Pak Zulkifli Yus (Wakil Ketua PA Jakarta Barat) sebagai pemimpin rapat menjawab, “Kerjakan apa yang menjadi tugas pokok kita sebaik mungkin. Jangan menyalahkan atau mengeluhkan kondisi yang kita miliki. Kita tidak akan pernah bisa maju berkembang kalau hanya berdebat tentang keterbatasan “Pak komputer ini dah gak layak pakai..Pak komputer saya kena virus jadi gak bisa bikin BAP...Pak laporan telat karena listrik padam,..Pak kita gak punya dana untuk kegiatan ini…Pak kita gak bisa karena ini dan itulah..dan berbagai alasan kekurangan selalu dicari” Mari kita kalahkan kondisi kantor kita ini dengan semangat untuk maju. Indahnya sebuah keberhasilan akan kita rasakan kalau itu hasil dari sebuah perjuangan.”
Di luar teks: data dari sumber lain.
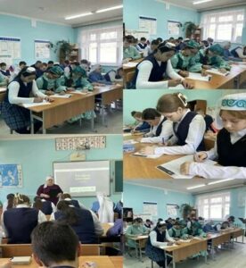 4. Кукмара районының А.Х.Газизуллин исемендәге Югары Арбаш урта мәктәбе укучылары “Татарча диктант” акциясенә кушылды.

“Pak, kalau kondisi normal mungkin pak, coba kalau kondisinya musim hujan. Masyarakat ogah datang ke Peradilan yang agung ini dan semua aktivitas kita lumpuh total, saat itu yang hanya kita pikirkan menyelamatkan berkas dan bagaimana cepat pulang ke rumah agar jangan sampai nginap di kantor gara-gara semua jalanan tutup karena banjir” Tanya salah seorang yang hadir.
Dengan logat batak, Eliakim Sihotang (Pansek PA Jakarta Barat) menjawab dengan tegas, “Kita masih beruntung berada di wilayah ibukota Negara, semua fasilitas transportasi dan informasi tersedia walau potret ibukota negara belum tertular dengan kondisi kantor kita. Coba Anda baca badilag.net berbagai laporan kemajuan daerah yang nun jauh dimata anggap saja seperti daerah Tual dan lainnya, mereka bisa maju kedepan dengan keterbatasan fasilitas dan kondisi alam, tapi dengan semangat kerja para aparaturnya. Dulu, ketika saya bertugas di daerah pelosok Maluku, menghantarkan sepucuk relass saja harus melalui pulau-pulau dan memakan waktu berhari-hari. Kondisi demikian bukan membuat kita mundur, tapi justru membuat semangat untuk maju.”
Demikian cuplikan dialog rapat yang sangat berkesan bagi saya secara pribadi. Bagaimanapun minim dan terbatasanya fasilitas Pengadilan Agama yang kita miliki, jangan dijadikan sebagai alasan penghalang utama kita untuk maju. Menurut penelitian di Amerika, orang berhasil dan sukses, 85% ditentukan oleh sikap/perilaku/attitude, dan 15% baru ditentukan ketrampilan. Jadi sikap kita dalam hidup dan bekerja sangat penting untuk bersama-sama memajukan Peradilan Agama ini di Indonesia.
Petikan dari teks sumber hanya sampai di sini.